The best thing about the new “Phish 3D” film was actually Kenny Chesney.
More on that in a bit.
Everything else about the advanced “Phish 3D” screening they staged Tuesday night at The Bridge – and in several U.S. cities on this hallowed 4/20 – was excruciating.
That is to say I experienced actual physical pain, and considerable mental anguish, while watching it.
Forty minutes in, I left the theater.
Just so we’re clear as I get going here, I love Phish. I was 10 or 11 rows deep on Trey’s side when they ushered in the millennium at Big Cypress. I covered their reunion and interviewed them last year. I thought their last album, "Joy," was first rate.
The music was not the problem. Shot last October on the Coachella grounds out in Indio, the performance from the three-night run they dubbed Phish Festival 8 is above average. Like with all Phish shows, they have their moments, and you take the good with the bad.
The problem was Don Wilson.
You may remember Wilson — who takes the sole filmmaking credit on imdb, as “Editor" — from such films as "Ozzy Osbourne: Wicked Videos" and "Playboy: Fast Women."
Because “Wicked Fast” Wilson couldn’t keep his itchy finger off the switches in the editing room, the camera jumps around so often – a different angle and distance about every 1.5 seconds or less – that your eyes never have enough time to adjust to the changing depths. Even movie rubes like me know you don’t fill a shoestring 3D movie with quick cuts; it throws the eyes into violent oscillations of depth-perception. And it sucks.
At best, the cheesy, timed-with-the-music cuts start to jangle your nerves. At worst, you start to get a near-audible “thunk” in the back of your eyeballs with every jump.
And then you tear off your glasses and exit the theater, wishing you could punch Wilson in the eye.

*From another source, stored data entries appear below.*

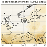 The results from the previous section show profound changes in the European hydroclimate under the different AMOC scenarios. In this section we analyse the dry season responses and its drivers. The dry season length and intensity are shown in Fig. 4. Similar to the PPDday at the end of the year, most European land surfaces display an increase in the dry season intensity under all scenarios (compared to PIon) with the largest increase under the climate change simulations. The responses in the dry season intensity are larger for than for , and larger for RCP8.5 than for RCP4.5. Southern Europe shows the largest changes in dry season intensity.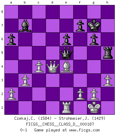Last move : 0-1 2013 April 19 9:5:51 [Event "FICGS__CHESS__CLASS_D__000187"] [Site "FICGS"] [Date "2012.09.23"] [Round "1"] [White "Czekaj,Christophe"] [Black "Strohmeier,Josef"] [Result "0-1"] [WhiteElo "1584"] [BlackElo "1429"] 1.Nc3 d5 2.d4 Nf6 3.Bg5 e6 4.e4 dxe4 5.Nxe4 Be7 6.Bxf6 Bxf6 7.Nf3 O-O 8.Bd3 Be7 9.Qe2 b6 10.O-O Bb7 11.Rad1 Nd7 12.c4 c5 13.dxc5 bxc5 14.Nc3 a6 15.Ne5 Bc8 16.Qe4 g6 17.Nxg6 hxg6 18.Qxa8 Qc7 19.Qf3 Kg7 20.h3 Nf6 21.Rfe1 Bb7 22.Qe2 Rh8 23.Ne4 Rh5 24.Nxf6 Bxf6 25.b3 Qf4 26.Qe3 Qc7 27.Be4 Bd4 28.Rxd4 cxd4 29.Qxd4+ Qe5 0-1 This chess game has been lost on time (started : 2012.09.23 0:48:21) Dunst (Sleipner, Heinrichsen) Opening Kingside Castling by player Black (move 7) Kingside Castling by player White (move 10) Player Black won this chess game. Follow this game move after move (download)You must take your opponent into a deep dark forest where 2+2=5, and the path leading out is only wide enough for one. (Mikhail Tal) Wer nie einen Fehler gemacht hat, hat nie etwas Neues ausprobiert. (Albert Einstein) Un jugador que trata de regresar una movida en el Ajedrez es un futuro carterista. (Richard Fenton) Il n'y a pas de prix trop élevé au scalp de l'ennemi. (Koblentz) All art requires courage. (Anne Tucker)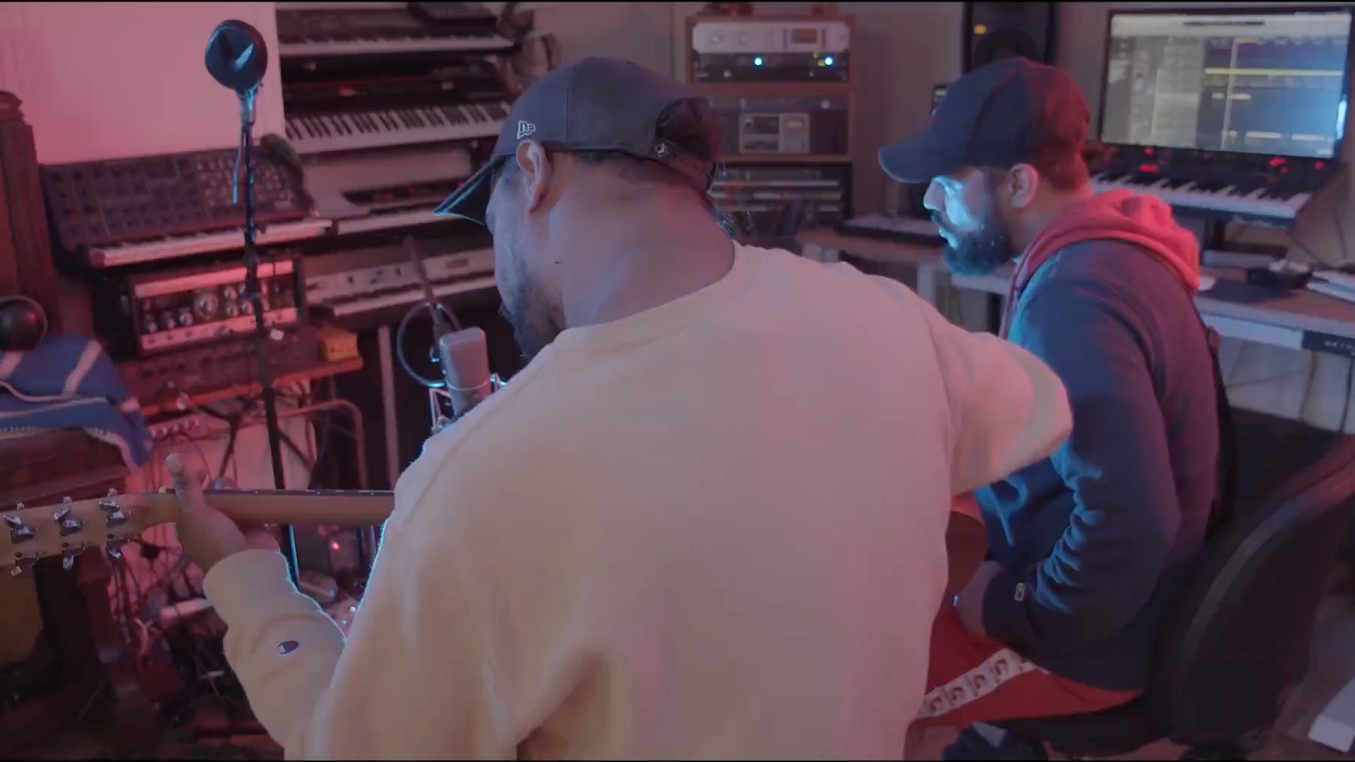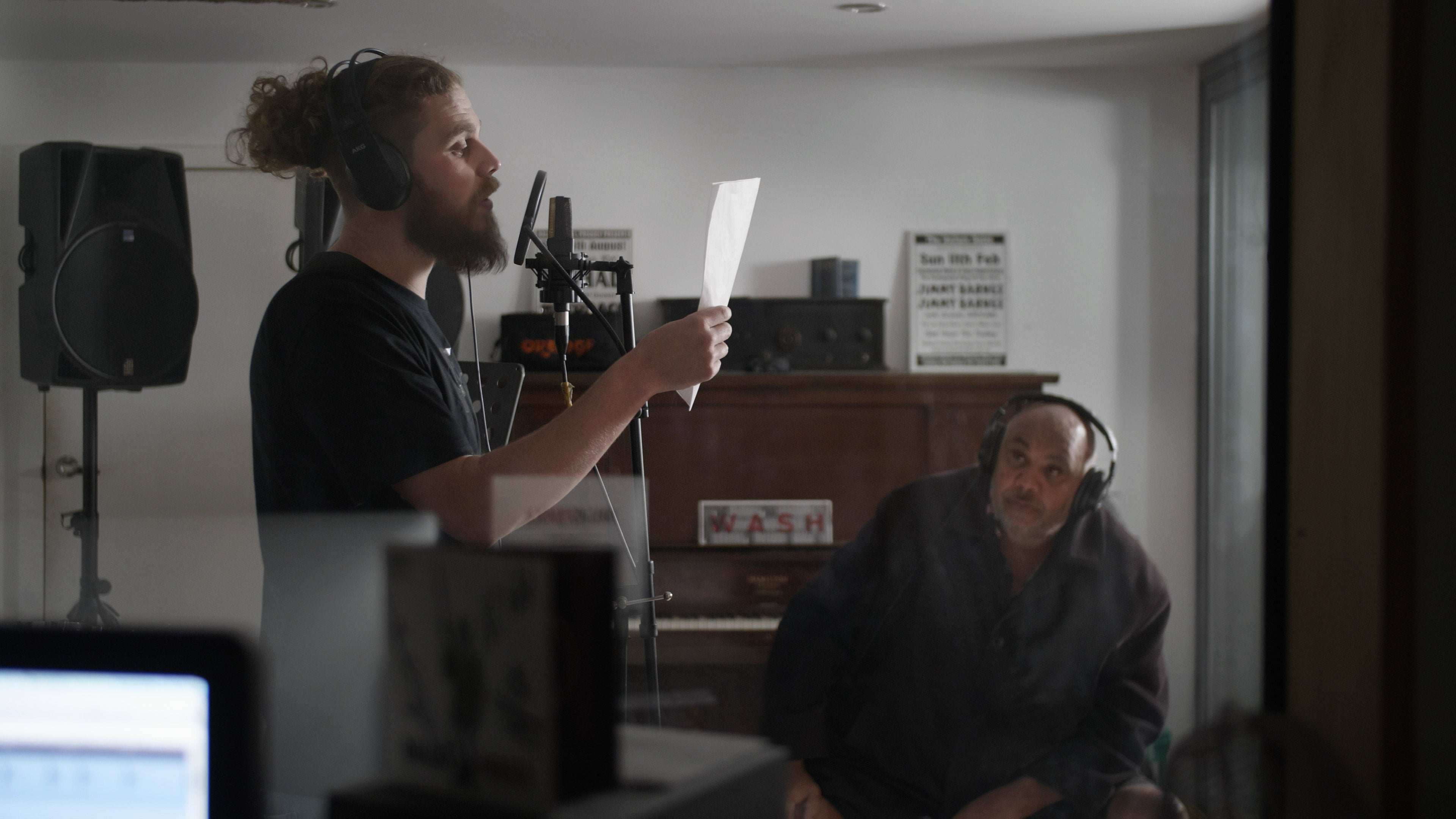 Yung Warriors in the studio remaking Big River written by Uncle Selwyn Burns.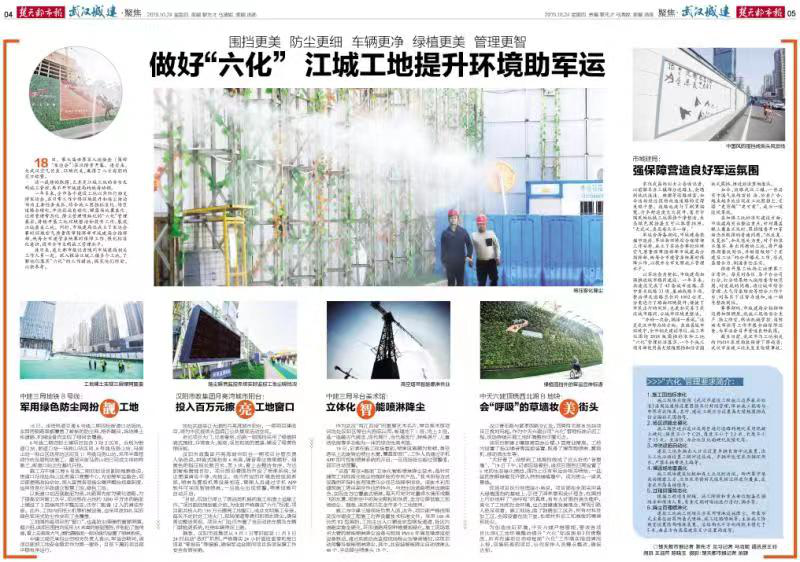 10月24日,楚天都市報“武漢城建”專欄刊登了“圍擋更美 防塵更細(xì) 車輛更凈 綠植更美 管理更智——做好六化 江城工地提升環(huán)境助力軍運”系列報道,漢陽市政月亮灣城市陽臺“投入百萬元擦亮工地窗口”,向廣大武漢城建單位、市民展示了漢陽市政在助力軍運、提升環(huán)境做出的重視和努力,同時也傳達了漢陽市政“綠色、智慧、安全、文明”的施工理念。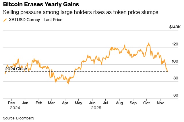 全球最大的加密货币比特币周一下跌至91,500美元以下,加深了今年以来涨幅全数被抹去的抛售。在期权市场上,交易员正押注越来越看空的赌注,坚信跌势远未结束,而资金雄厚的买家正迅速撤退。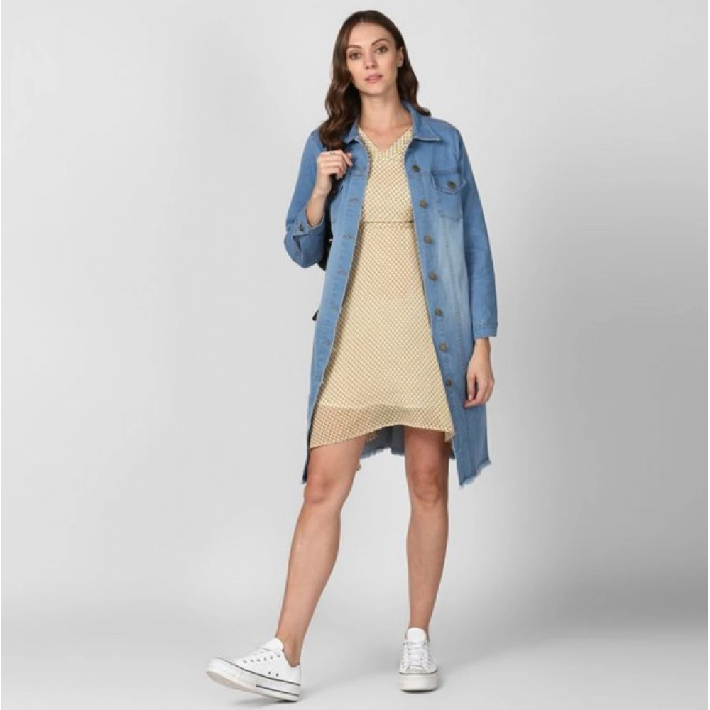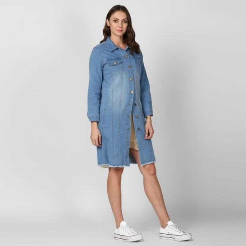 Women’s Denim Washed Long Sleeves Jacket (Blue)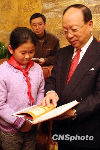 今年夏天,莫拉克臺風(fēng)重創(chuàng)臺灣南部,大陸各界踴躍捐款捐物,其中最令人感動的,是一封來自西安小學(xué)生的親筆信和隨信附上的二十元人民幣小額捐款。中國國民黨副主席蔣孝嚴(yán)十九日在西安出席海峽兩岸(陜西)經(jīng)貿(mào)科技合作大會后,特意約見了這位感動了無數(shù)臺灣人的十一歲女孩楊卓西。圖為蔣孝嚴(yán)向楊卓西贈書。 中新社發(fā) 冽瑋 攝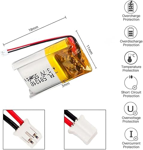3.7V 55mAh 501318 Lipo Battery Rechargeable Lithium Polymer ion Battery Pack with JST Connector 1pcs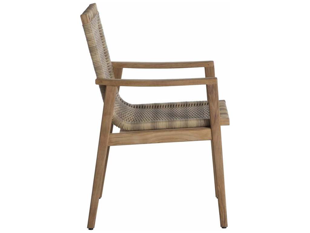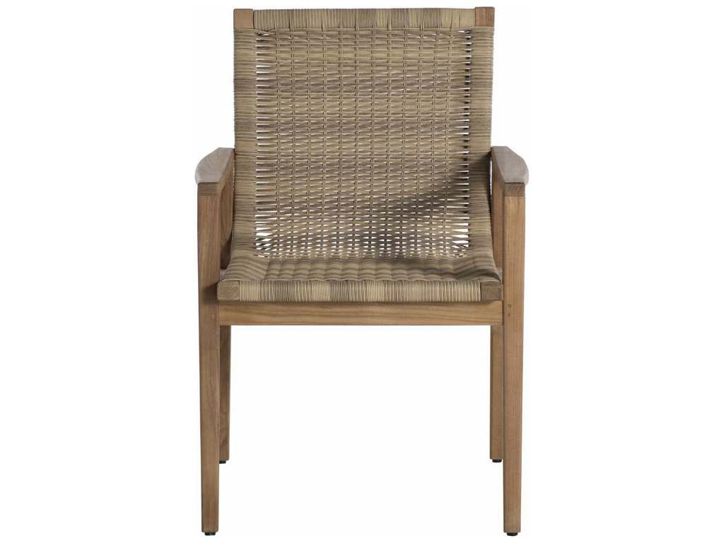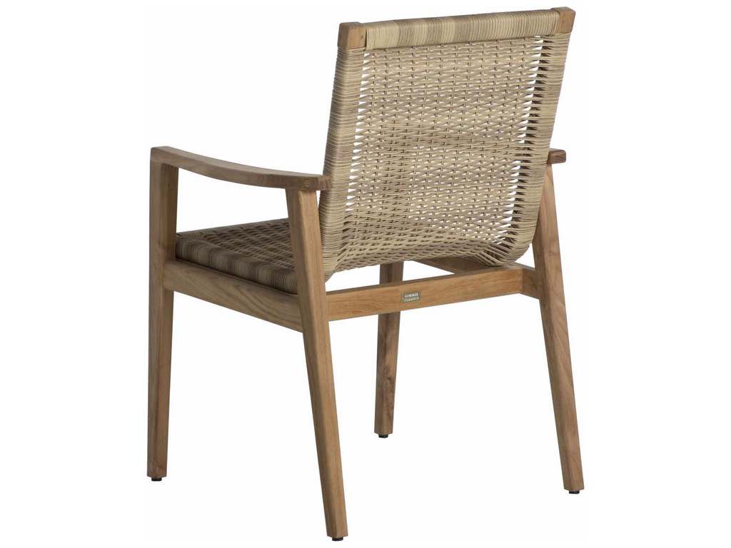 Product Description: Summer Classics 1307 Pointe Dining Arm Chair - The Pointe Dining Arm Chair with a natural teak frame and wicker seat in a raffia finish is built for worry-free enjoyment given the echo-friendly and weather-resistant attributes of marine-grade teak and UV-resistant resin wicker from which it is made. Inspired by mid-century modern design, the outdoor dining chair has solid teak frames with mortise and tenon joinery. The subtle curves and shaping on the arms set the patio dining chair apart. The cushions are available in Dream only.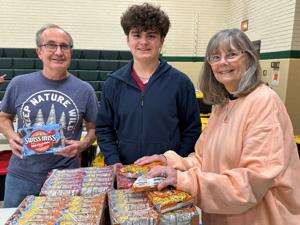Members of Boy Scouts Troop 80 and Knights of Columbus assisted with loading the items into the school’s gymnasium.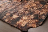 牛革の本来のベージュから、赤褐色に広がるように染まったり、鉄分が多く含まれた部分は黒く染まったりと1枚、1枚が生きているかのように違っていきます。

Oh, Wilson. Even in 2D, this edit would’ve been annoying – you can never once explore the oversized scene; or focus on what one musician is doing during an intricate passage; or scan for faces in the crowd you may know. Maybe even yours.
I must inquire, Wilson: If they make a Razzies category for Most Unwatchably Crapulent 3D Experience, will you still have fun meeting Sandra Bullock?
Here’s a Hail-Mary plea to the folks who put money behind this movie: I have no doubt you are lovely, thoughtful people. It’s an affront to my DNA to hate on this movie. But I beg of you: Rip the footage out of Wilson’s hands and get a new edit going; one where you can take a moment to marvel at Chris Kuroda’s stupendous lighting designs, or gape at the giant balloon-blob thingy that’s floating over the crowd.
Your wide release date is April 30. If you start right now, there’s enough time to change it.
One thing that needs to stay exactly the same, though: The Kenney Chesney “Ultimate Concert Experience” trailer you played before the movie began. Oh my lord, that brought the house down with peals of hyena laughter.
Bravo for that move. That was comedy gold.